Exercise aim = Transcribe word for word the section of the records below that opens with the line containing "外の物置に扇風機があったのを" and closes with the line containing "Met onze gezamenlijke"; drop every picture.

Dataset =
*** Block opens ***
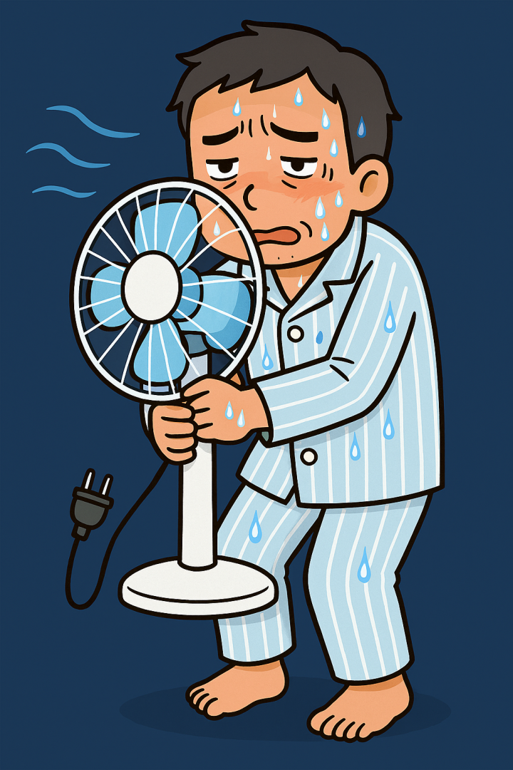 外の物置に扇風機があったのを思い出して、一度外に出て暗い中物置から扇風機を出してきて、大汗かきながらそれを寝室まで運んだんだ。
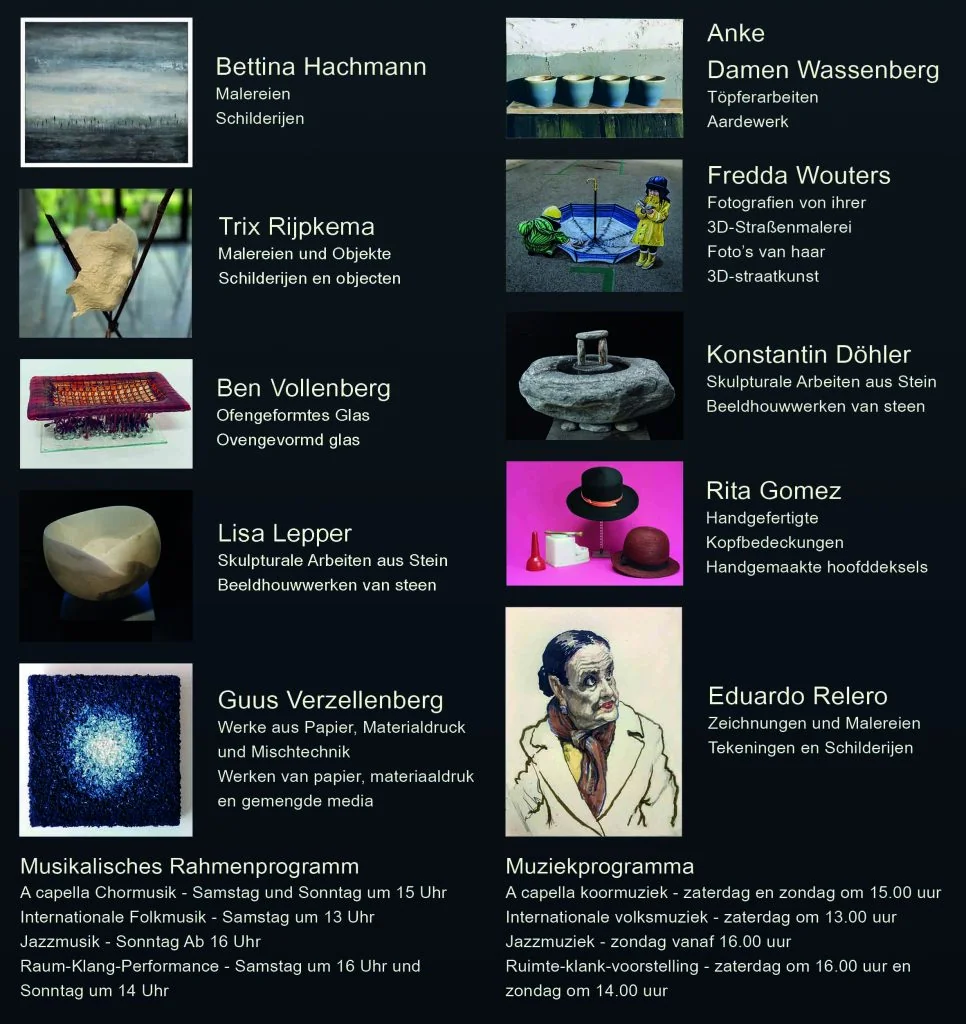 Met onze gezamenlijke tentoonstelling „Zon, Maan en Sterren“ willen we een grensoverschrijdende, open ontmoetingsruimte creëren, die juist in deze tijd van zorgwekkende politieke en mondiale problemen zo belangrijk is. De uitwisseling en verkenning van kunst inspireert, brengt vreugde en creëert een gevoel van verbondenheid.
*** Block closes ***
*** Block opens ***
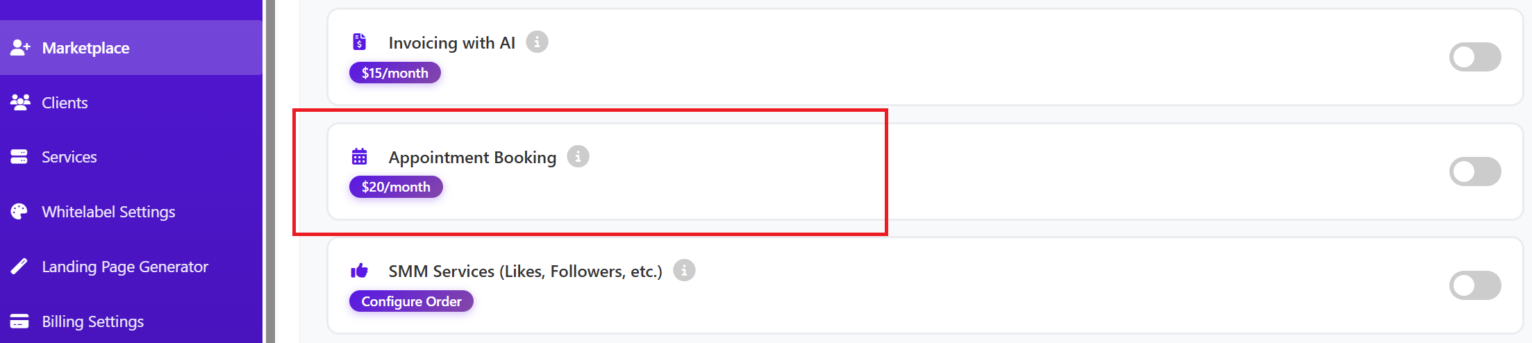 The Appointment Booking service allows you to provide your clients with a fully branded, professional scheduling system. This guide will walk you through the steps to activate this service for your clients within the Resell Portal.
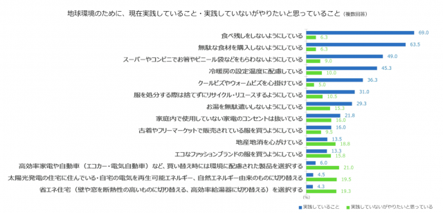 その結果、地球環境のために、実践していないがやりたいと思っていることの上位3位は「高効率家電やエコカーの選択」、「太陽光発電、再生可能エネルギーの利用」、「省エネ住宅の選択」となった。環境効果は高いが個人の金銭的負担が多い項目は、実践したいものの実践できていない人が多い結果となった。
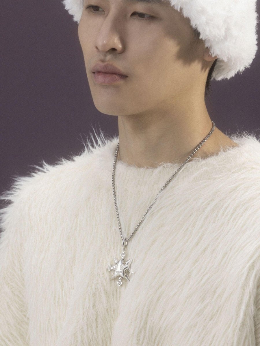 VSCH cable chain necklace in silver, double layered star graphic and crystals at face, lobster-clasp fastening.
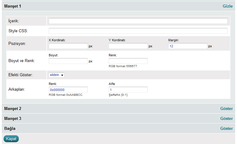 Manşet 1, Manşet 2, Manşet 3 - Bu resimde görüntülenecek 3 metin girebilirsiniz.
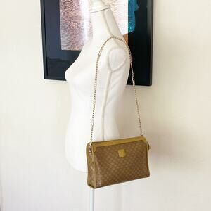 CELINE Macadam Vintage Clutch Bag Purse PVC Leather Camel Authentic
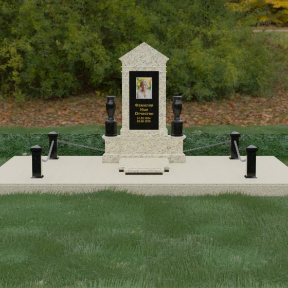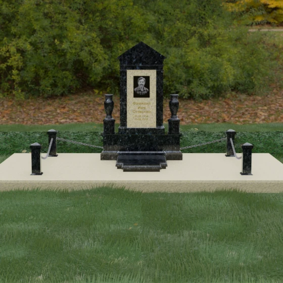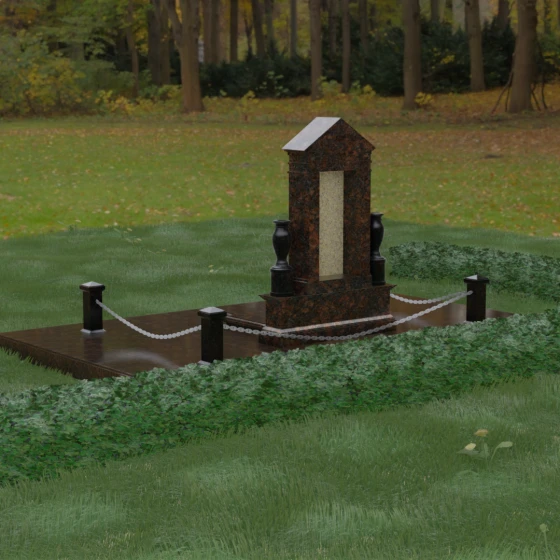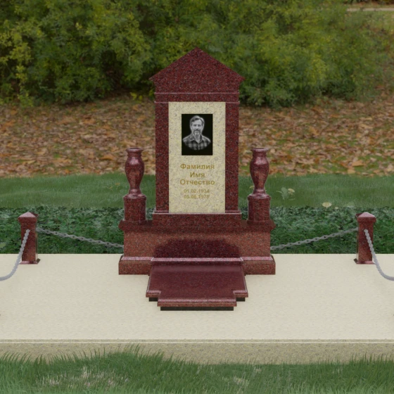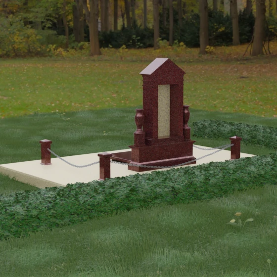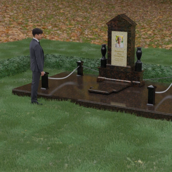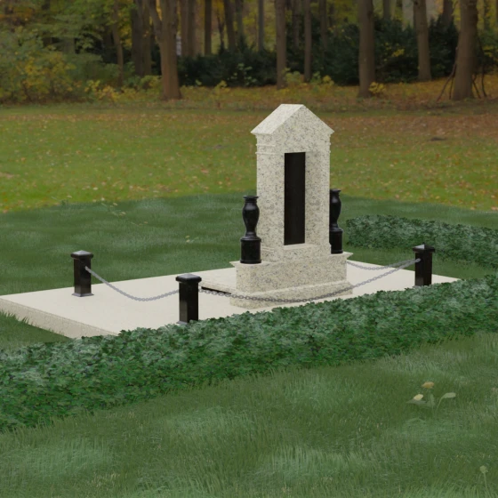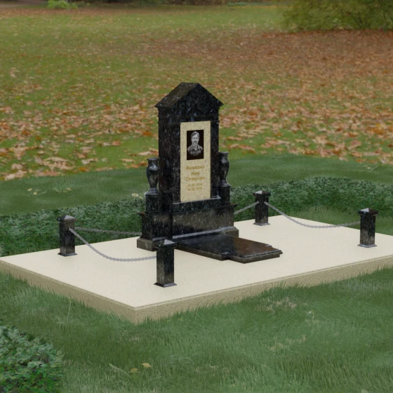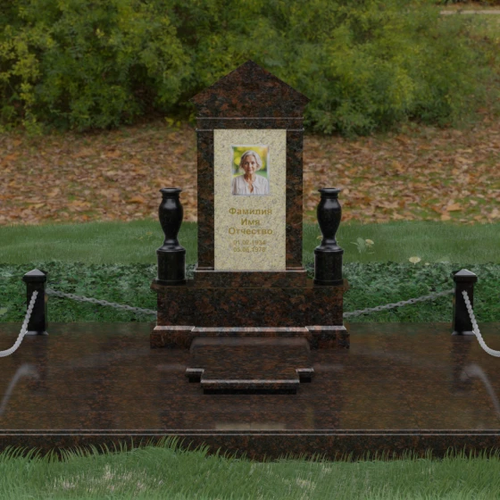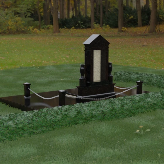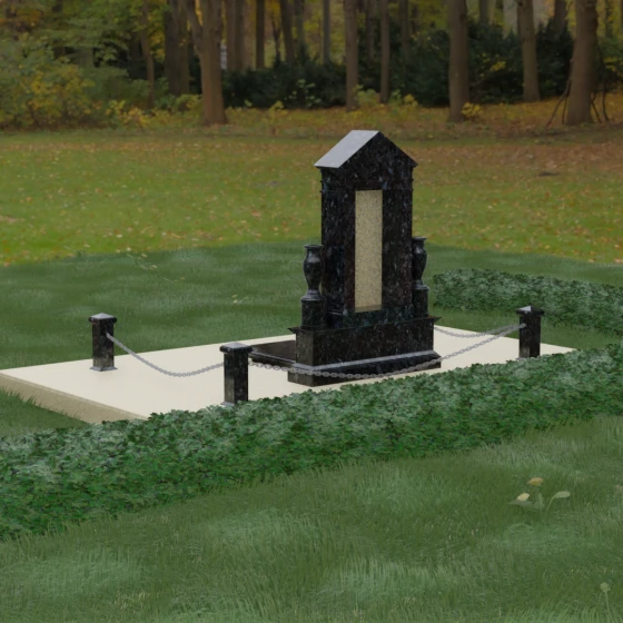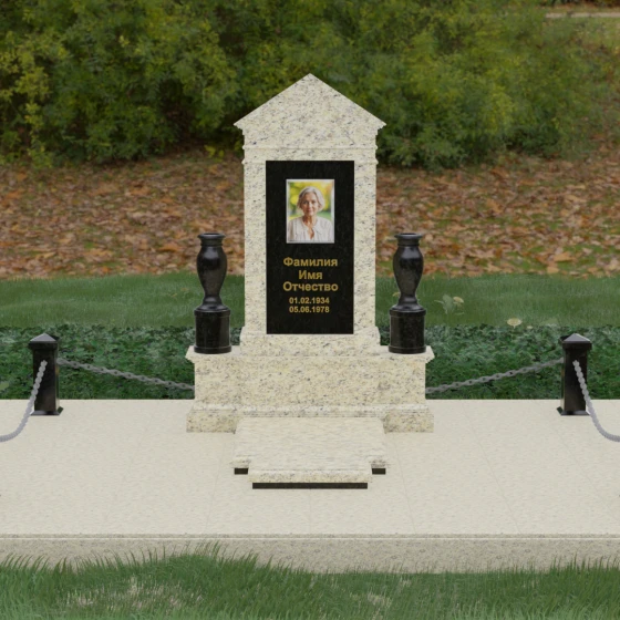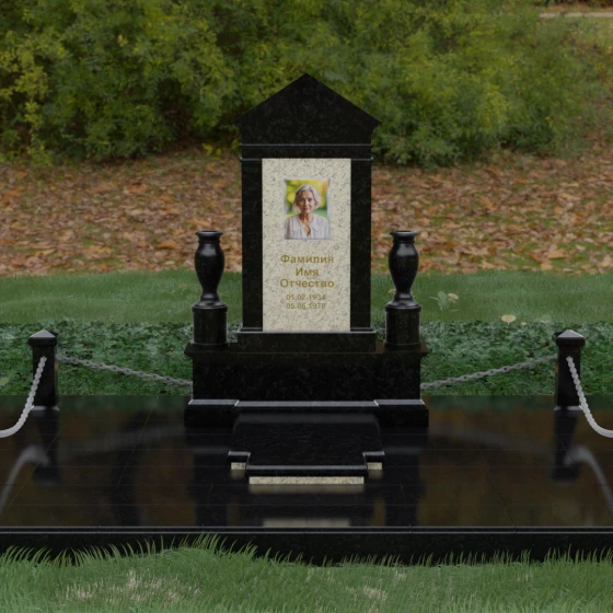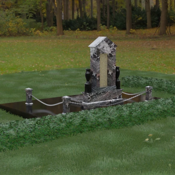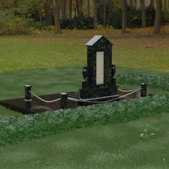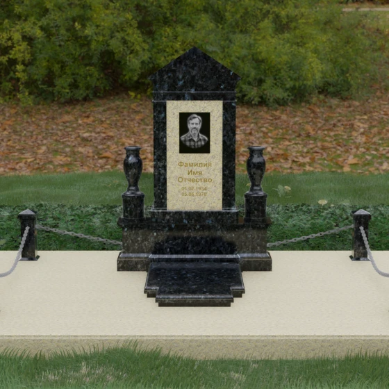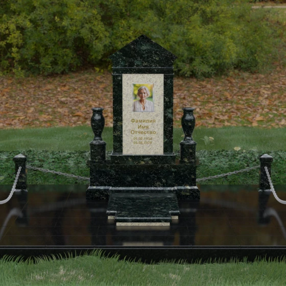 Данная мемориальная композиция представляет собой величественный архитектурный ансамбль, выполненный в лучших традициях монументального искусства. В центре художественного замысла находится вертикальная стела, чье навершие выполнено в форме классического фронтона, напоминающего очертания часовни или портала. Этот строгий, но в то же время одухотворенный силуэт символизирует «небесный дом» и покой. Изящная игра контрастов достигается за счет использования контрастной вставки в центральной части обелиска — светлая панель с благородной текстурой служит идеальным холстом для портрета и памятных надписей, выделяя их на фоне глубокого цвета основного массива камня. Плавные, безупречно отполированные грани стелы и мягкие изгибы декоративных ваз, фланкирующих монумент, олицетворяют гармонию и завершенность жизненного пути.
*** Block closes ***
Exercise response =
 外の物置に扇風機があったのを思い出して、一度外に出て暗い中物置から扇風機を出してきて、大汗かきながらそれを寝室まで運んだんだ。
 Met onze gezamenlijke tentoonstelling „Zon, Maan en Sterren“ willen we een grensoverschrijdende, open ontmoetingsruimte creëren, die juist in deze tijd van zorgwekkende politieke en mondiale problemen zo belangrijk is. De uitwisseling en verkenning van kunst inspireert, brengt vreugde en creëert een gevoel van verbondenheid.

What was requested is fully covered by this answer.